Hotter regions in the U.S. tend to be poorer, meaning the worst effects could spur increased economic inequality.

Swamp grass and standing water take over the front yard of a home in Tangier, Virginia, May 15, 2017, where climate change and rising sea levels threaten the inhabitants of the slowly sinking island.
Swamp grass and standing water take over the front yard of a home in Tangier, Virginia, May 15, 2017, where climate change and rising sea levels threaten the inhabitants of the slowly sinking island.
Jim Watson / Getty Images

A new study in the journal Science deals with the financial impacts that unchecked climate change would have on the United States. It finds for each degree Fahrenheit increase, there’ll be a 0.7 percent hit to gross domestic product. In some poorer parts of the country, that can jump to 20 percent.

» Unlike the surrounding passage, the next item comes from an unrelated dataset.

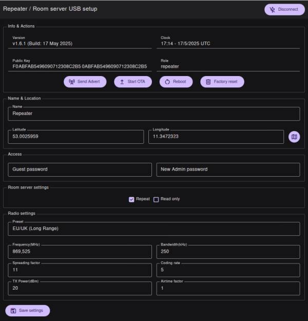 Wenn der Standort eines Repeaters festgelegt ist, kann dieser auf einer MeshCore-Karte eingetragen und angezeigt werden. Lege den Standort mit den folgenden Befehlen fest:

The study looks at how higher temperatures, increased flooding and sea level rise would affect things like agriculture, mortality and crime. There’s a nationwide impact, but it’s much bigger in hotter regions, which tend to be poorer, according to Robert Kopp, one of the study’s authors and director of the Institute of Earth, Ocean and Atmospheric Sciences at Rutgers University.

“The areas that are warmer in the country are more at risk from the impacts of climate change, and we also found that those areas that are warmer — the way they happen to be distributed means those also tend to be poorer parts of the country,” Kopp said.

Spatial distributions of projected damages.

Figure via Science

 

“Even if you have a way to manage those risks, it’s going to be more costly to do those in the areas where the risks are larger,” he said. “And so climate change sets up this factor that will enhance inequality in our country.”

Craig Fugate, a former Federal Emergency Management Agency administrator, said that insurers and investors aren’t currently factoring in climate change when they look at these areas. And that’s encouraging people to keep building in places that are vulnerable.

“I haven’t seen anybody’s bond rating being affected based upon their risk to storm surge increasing, flood risk, heavy rainfalls,” Fugate said. “And their tax bases are increasingly becoming more vulnerable to these changes.”

But the effects of climate change will eventually catch up with the land value in these areas.

“Probably, if you’re in a county where you have a 20 percent hit to GDP, a lot of people are going to move, and so for those counties, the effect may be even worse, because people are going to respond to this risk by moving, which will moderate the national impact but exaggerate it locally,” Kopp said.

The team behind the research is now looking to apply its model on a global scale.